The title says it all. Though Amy Heckerling's film about teen angst has a patina of cleverness, Loser ends up losing on all fronts. Jason Biggs — who first gained notice having carnal knowledge of a pastry in American Pie — plays Paul, a bumpkin from small-town USA. When Paul gets accepted to New York University, his Dad (Dan Aykroyd) proposes advice about making new friends by explaining that listening is the key. "Interested is interesting" is the best he can offer. That advice would be great if Paul were going to the local community college. But in New York, Paul's nice-guy personality just makes him a chump. As Paul tries to get along, his three roommates torture and abuse him (one goes so far as to inform him "Nobody likes you"). And as the roommates shun their studies, drink, party, and look for women, Paul studies hard and cleans up after them. Enter Dora (Mena Suvari, the beauty in American Beauty), a struggling college student who works in a strip joint to pay tuition. Paul encounters her in his literature class and immediately falls in love, but Dora is too busy having an affair with their sleazy professor (Greg Kinnear) to take much notice. It takes several obstacles and the majority of the film for Dora to see what Paul and the audience know from the start — that Paul and Dora are the ones who are meant to be together. Loser's romantic-comedy storyline is aptly acted, although there's nothing here that hasn't been seen before.
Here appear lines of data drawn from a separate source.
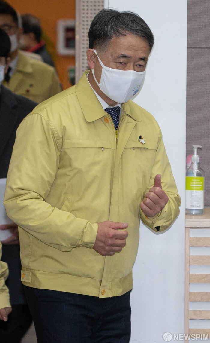 [서울=뉴스핌] 윤창빈 기자 = 박능후 보건복지부 장관이 14일 오전 서울 중구 서울시청에서 열린 수도권 코로나19 상황점검회의에 참석하고 있다. 2020.12.14 pangbin@newspim.com
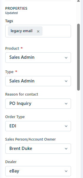 | What email address do I enter when creating the ticket? | salesadministration@thelegacycompanies.com | * |
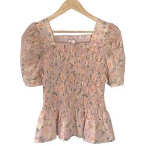 Rachel Parcell square neck smock top in size XS. This blouse features a smocked bodice, short puff sleeves, and a pastel pink floral print.
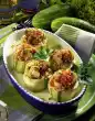 Wash chives, dab dry and cut into small rolls. Mix cream cheese and chives. Season with salt and pepper. Form 12 potato dumplings from the potato mixture, pressing a teaspoon of cream cheese into the middle of each. Turn the dumplings first in egg white, then in semolina. Fry in hot oil for 3-5 minutes until golden brown. Take out with a skimmer and drain on kitchen paper. Arrange 3 dumplings each with some red cabbage on a plate
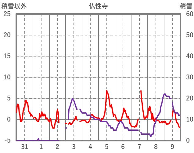 | 日 | 時 | 気温 | 降水 | 風向/風速 | 日照 | 積雪 | 降雪 |
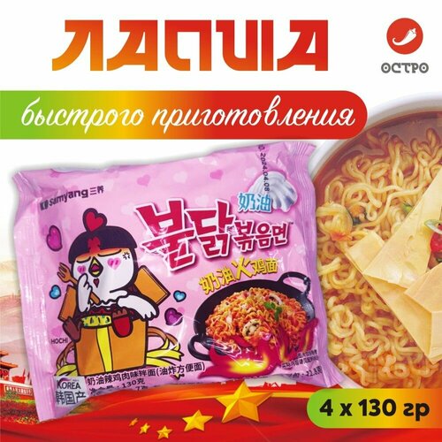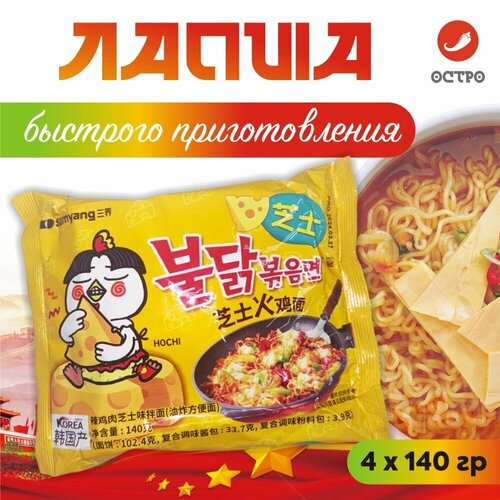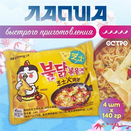 Корейская Острая лапша быстрого приготовления со вкусом сыра Samyang Hot Chicken Buldak 4 шт / Желтая

It is the side stories within the film that are decidedly more disturbing, where drugging women, date-rape, and blackmailing are all used as comic elements. Taken in full, Loser is far less likable and believable than Heckerling's wonderful teen comedy Clueless — Paul may be from a small town, but with the availability of TV, movies, and the Internet, the lead character doesn't quite jive with modern America. Columbia TriStar's DVD offers both anamorphic (1.85:1) and full-screen transfers, with audio in DD 5.1 or Dolby 2.0 Surround. Extras include a "making-of" featurette/infomercial, talent files, the music video Teenage Dirtbag by alterna-rockers Wheatus, production notes, and theatrical trailers. Keep-case.